Oral | Thursday, 01 May, 14:55–15:05 (CEST)
 
Room N1
Resolving the links between wood production, leaf phenology and whole-ecosystem carbon fluxes in temperate forests
Daniela Krebber1, Robin Battison1, Katja Kowalski2, Yadvinder Malhi3, Cornelius Senf2, and Tommaso Jucker1
Daniela Krebber et al.
  • 1School of Biological Sciences, University of Bristol, Bristol, United Kingdom of Great Britain
  • 2School of Life Sciences, Technische Universität München, Munich, Germany
  • 3School of Geography and the Environment, University of Oxford, Oxford, United Kingdom of Great Britain

Wood production is an essential component of terrestrial carbon dynamics, but we only have a limited understanding of the environmental cues that trigger wood production to start and stop during the growing season and how these vary among temperate tree species. Moreover, we lack a clear picture of how the seasonal timings of wood production relate to leaf phenology and whole-ecosystem carbon fluxes - severely limiting our ability to estimate woody productivity from remote sensing or eddy covariance flux tower data. To address this knowledge gap, between 2023 and 2024 we used automated dendrometers to take hourly measurements of stem diameter variations across 160 trees representing seven locally-dominant broadleaf and coniferous species in the Wytham Woods 18-ha ForestGEO plot in the UK. We combined these with overlapping flux tower measurements of gross primary production (GPP) and net ecosystem exchange (NEE), NDVI time-series generated from Sentinel-2 to capture canopy phenology and local microclimate data.

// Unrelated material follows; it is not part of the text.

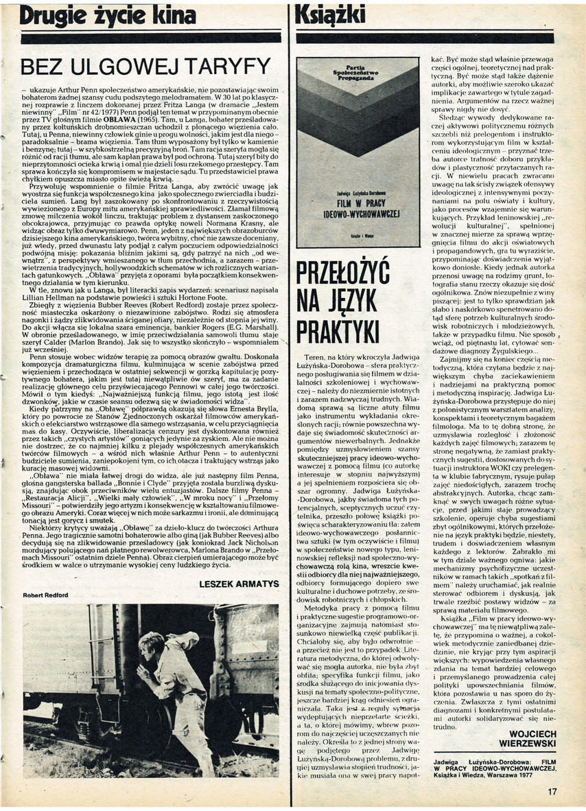 Leszek Armatys, felieton, Bez ulgowej taryfy, Arthur Penn, Fritz Lang, Obława, Roman Krasny, Lillian Hellman, Hortone Foote, Robert Redford, E.G. Marshall, Marlon Brando, Ernest Bryll, Bonnie i Clyde, Restauracja Alicji, Wielki mały człowiek, W mroku nocy, Przełomy Missouri, Wojciech Wierzewski, Książki, Przełożyć na język praktyki, Jadwiga Łużyńska-Doborowa, edukacja, szkolnictwo, oświata, posłannictwo ideowo-wychowawcze, filmologia, Film w pracy ideowo-wychowawczej

Using these complementary datasets we found that wood growth started later and ended much earlier than one might estimate from NDVI alone. Moreover, temporal trends in wood production (including the onset, maximum rate and cessation of growth) varied significantly between species - with beech and oak trees growing almost 60 days longer per year than sycamore and ash. This variation in wood phenology across species significantly complicates any attempts to infer wood production from flux tower measurements of GPP and NEE. Our study advances our understanding of the synchronization and mismatches between ecosystem carbon uptake and investment in wood production in temperate forests. We highlight the potential of combining remote sensing, flux tower and high-resolution dendrometer data to improve our ability to track terrestrial carbon cycling at scale and predict its responses to climate change.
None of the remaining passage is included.